Information shown:
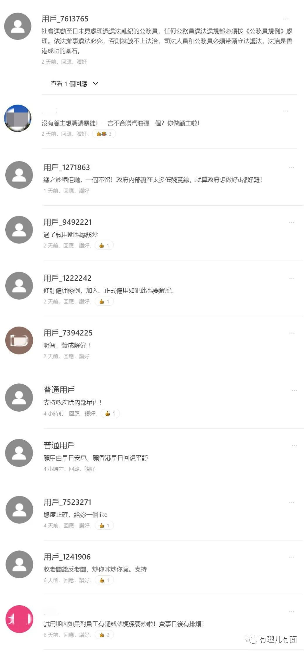 市民的眼睛是雪亮的,公務員試用期新規出台後,讓我們看看香港網民的態度:
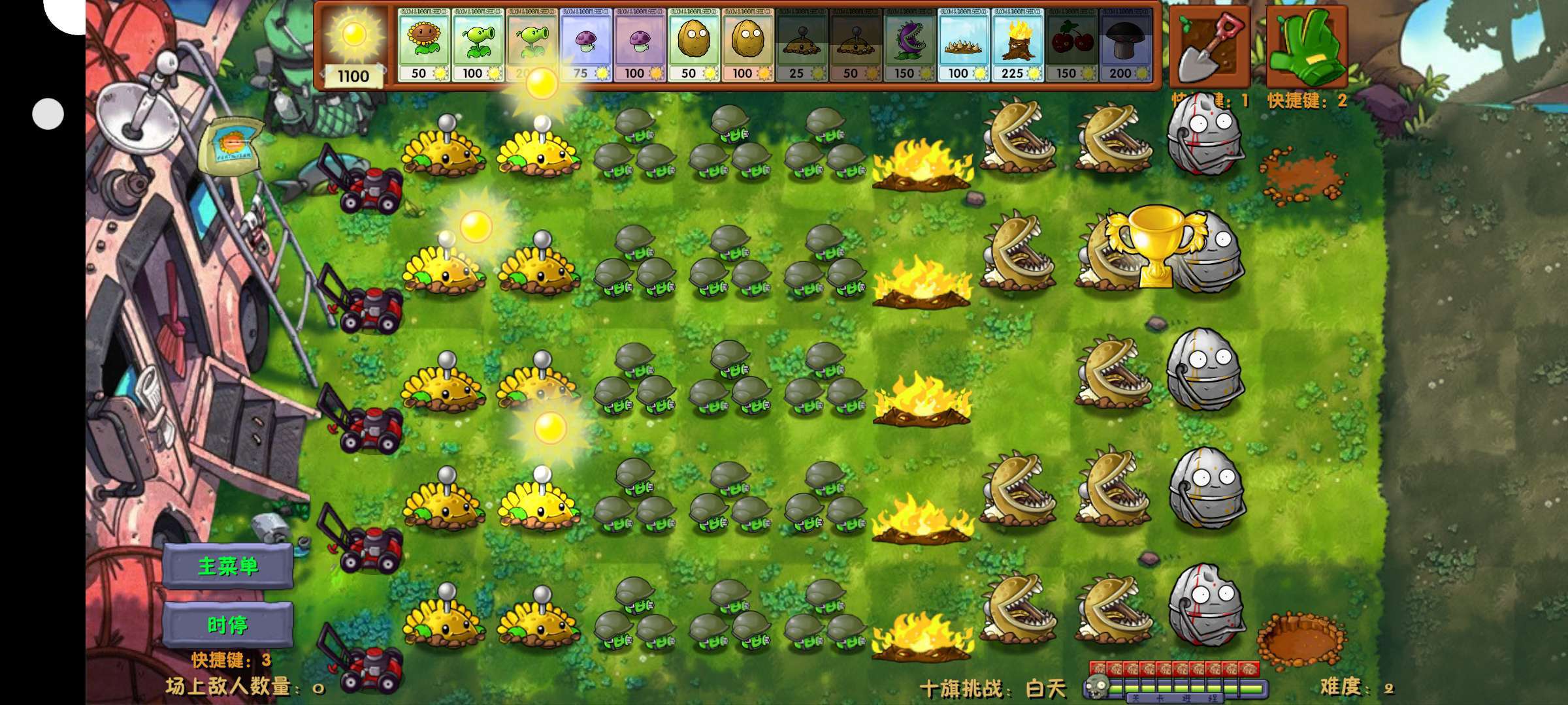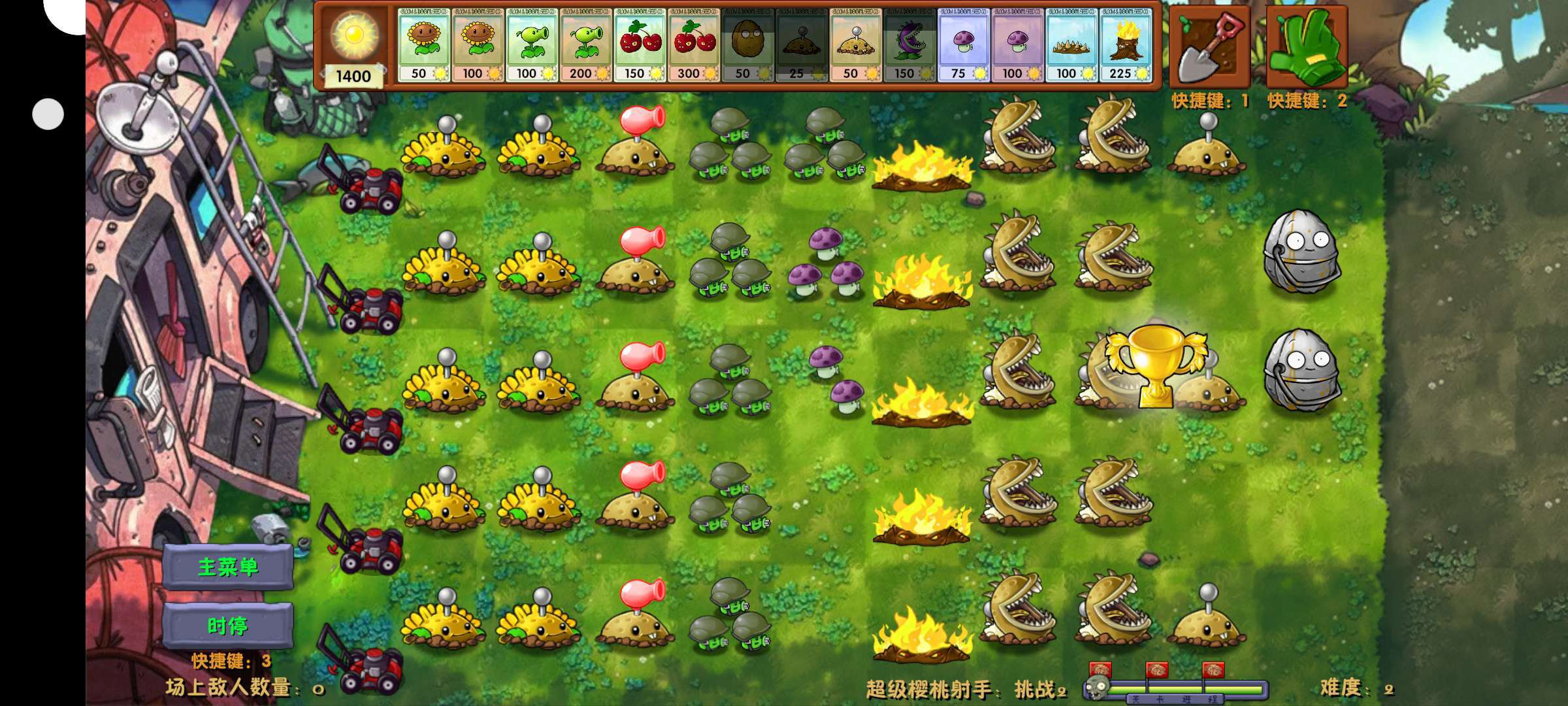 玩这有个小建议,打有植物射手的僵尸,可以尝试用机枪小喷+地火,僵尸打不到,前期的话用地雷大嘴花十阳光地雷,最好带个樱桃,开局有阳光的情况下先炸出一个3×3后期好合成。
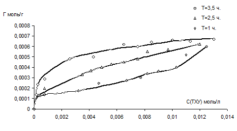 Рис.1.Кинетика адсорбции ТХУ (моль/г.) на монтмориллоните.
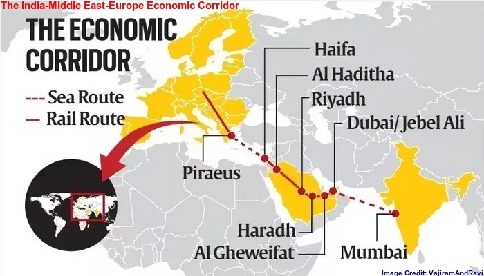 The 2023 G20 Summit in India decided to build another corridor, the India-Middle East-Europe Economic Corridor (IMEC) in order to connect the South Asian nation to Europe. This corridor would begin from western Indian city of Mumbai and end in Greece through the Mediterranean Sea over West Asia. As per the original plan, the IMEC shall connect the Indian ports of Mumbai and Mundra to the UAE by waterway. From the UAE, the cargo shall reach Haifa Port of Israel via Saudi Arabia and Jordan by rail. Then, the export items shall be transported to the Port of Piraeus in Greece through the Mediterranean Sea.

Problem details:
Only the pictures are to be left out, and all of the data must otherwise be transcribed exactly.

Written answer:
 市民的眼睛是雪亮的,公務員試用期新規出台後,讓我們看看香港網民的態度:
 玩这有个小建议,打有植物射手的僵尸,可以尝试用机枪小喷+地火,僵尸打不到,前期的话用地雷大嘴花十阳光地雷,最好带个樱桃,开局有阳光的情况下先炸出一个3×3后期好合成。
 Рис.1.Кинетика адсорбции ТХУ (моль/г.) на монтмориллоните.
 The 2023 G20 Summit in India decided to build another corridor, the India-Middle East-Europe Economic Corridor (IMEC) in order to connect the South Asian nation to Europe. This corridor would begin from western Indian city of Mumbai and end in Greece through the Mediterranean Sea over West Asia. As per the original plan, the IMEC shall connect the Indian ports of Mumbai and Mundra to the UAE by waterway. From the UAE, the cargo shall reach Haifa Port of Israel via Saudi Arabia and Jordan by rail. Then, the export items shall be transported to the Port of Piraeus in Greece through the Mediterranean Sea.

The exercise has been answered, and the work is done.